Comment, d’après toi, Domota a créé un tel engouement ?
Je ne sais pas, je pense que c’est parce qu’il lutte depuis très longtemps. C’est un syndicaliste de la première heure. Naturellement, c’est lui qui est monté au créneau avec le LKP. Il était déjà là.

Peut-être qu’il est déjà là notre leader des quartiers…

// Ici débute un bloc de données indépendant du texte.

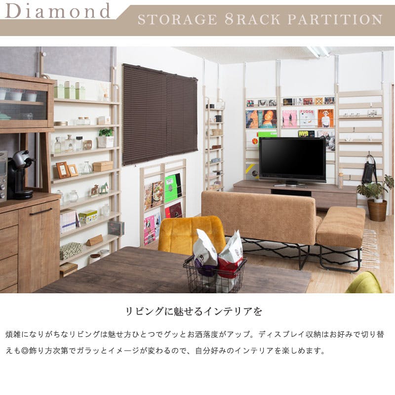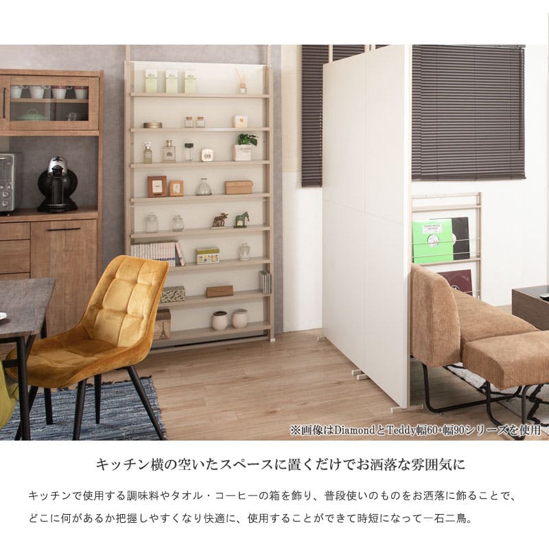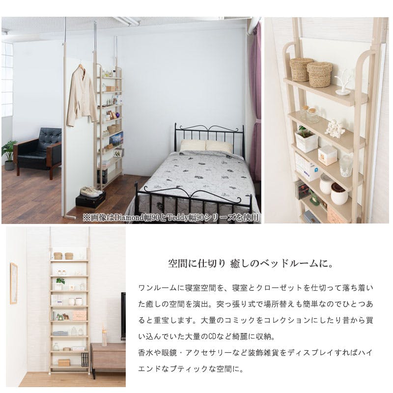【Diamond】 突っ張り間仕切り 幅60 パーテーション コミック 日本製 ベージュ グレージュ くすみカラー スチールラック ウォールラック 壁面収納 パーティション 靴 サロン 待合室 仕切り つっぱり テレワーク DIY 店舗
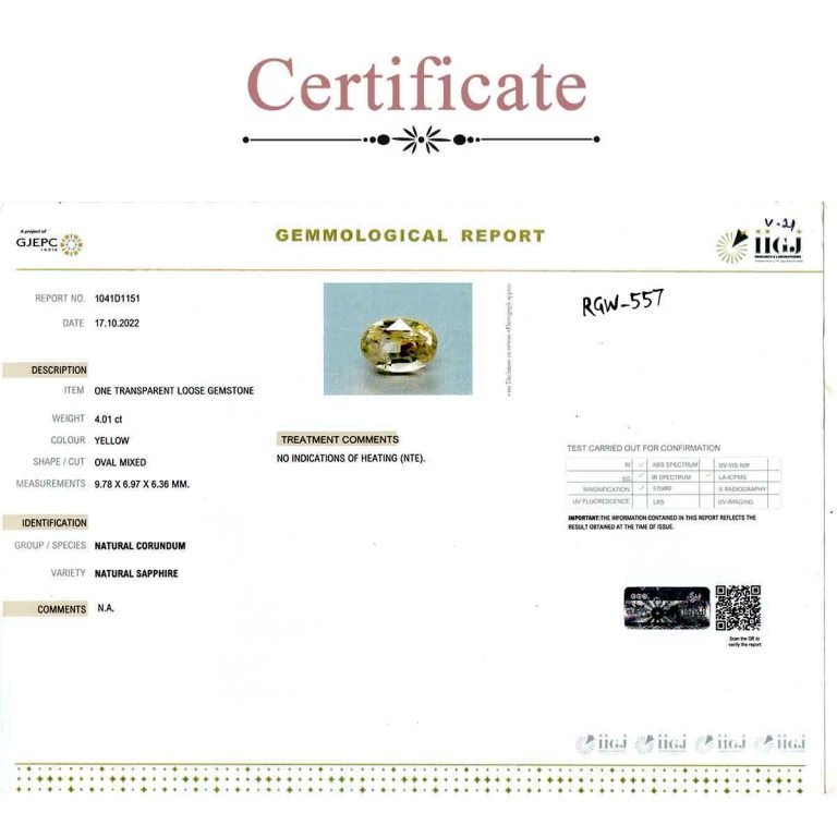 4.01 Carats Yellow Sapphire ( 4.46 Ratti Pukhraj )

Oui, je pense. Il est quelque part, dans une fac, quelque part… J’en suis sûre. L’histoire de l’immigration de la France, c’est très jeune. C’est l’histoire de la colonisation qui est longue. On est en train de muter de cette histoire-là à une histoire de l’immigration. Ça a quoi ? Quarante ans ? C’est rien, c’est rien du tout. Pour les générations suivantes, il n’y aura pas de double culture qui tienne. Ils sont métèques, ils sont Noirs, ils sont Arabes, ils sont mélangés, ils sont ce que tu veux, mais ils sont Français. C’est comme les Antillais. La banlieue, c’est des nations créoles. Ils parlent la même langue et, si ça se trouve, ils prieront le même dieu bientôt. On ne pourra pas leur refuser d’être Français. Nous, on est encore piqués au vif. On connaît nos histoires : « Putain, ils nous ont déjà fait ça chez nous et ils nous font ça ici ! ». Mais eux, il n’y aura pas de ça. Là, ça va vraiment être intéressant.

Interview : Stella Magliani-Belkacem.